Restate the lines of the material below word for word, from the first through the one containing "The sale includes", and include nothing else; pictures stay out.
BEGIN Data section
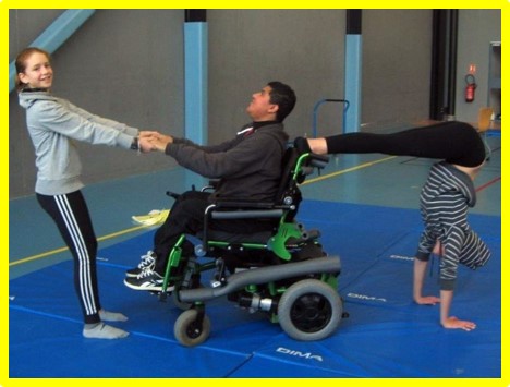 Acrosport en fauteuil pour partager des figures inclusives en acrosport.
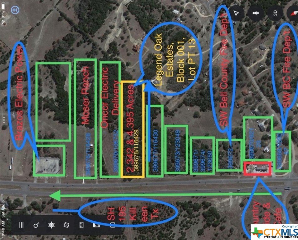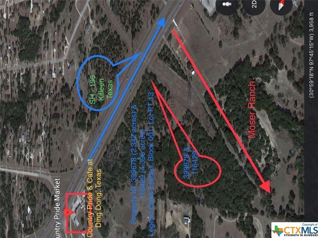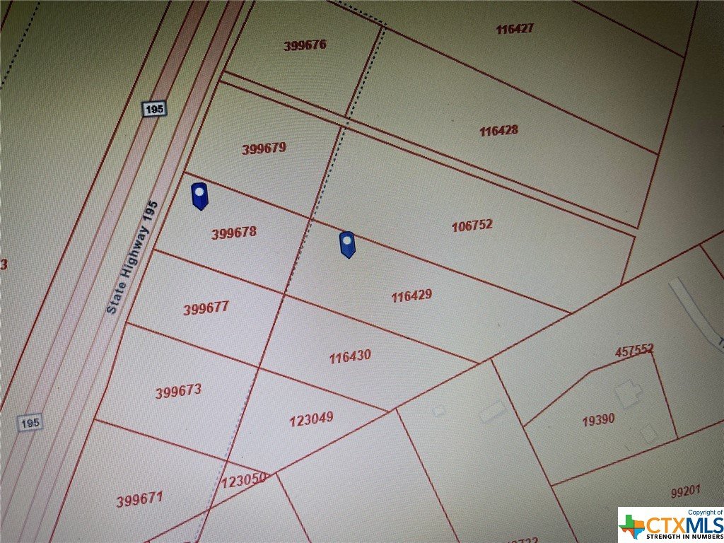 The sale includes 2 lots with property ID's 116429 4.39 acres and 399678 2.34 acres, a total of 6.74 acres, 294' feet frontage on busy Hwy SH-195 N in Killeen. The front 2.34 acres lie within the city limits and are subject to restrictions, while the back 4.4 acres are unrestricted and suitable for commercial use. The possibilities are endless.
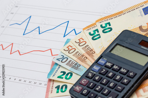 Business crisis and economic crisis concept image. Pile of Euro banknotes with calculator on analysis and data sheets.
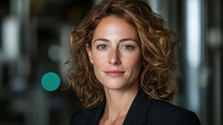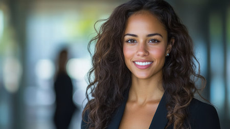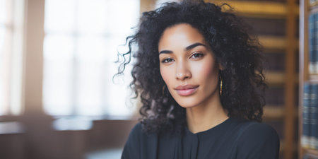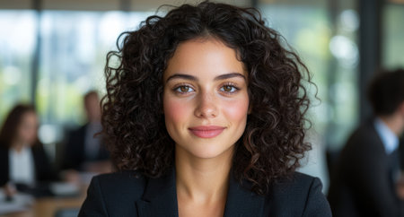 Confident woman with curly hair in a professional setting
END Data section
▶ _Solution to this task_:
 Acrosport en fauteuil pour partager des figures inclusives en acrosport.
 The sale includes 2 lots with property ID's 116429 4.39 acres and 399678 2.34 acres, a total of 6.74 acres, 294' feet frontage on busy Hwy SH-195 N in Killeen. The front 2.34 acres lie within the city limits and are subject to restrictions, while the back 4.4 acres are unrestricted and suitable for commercial use. The possibilities are endless.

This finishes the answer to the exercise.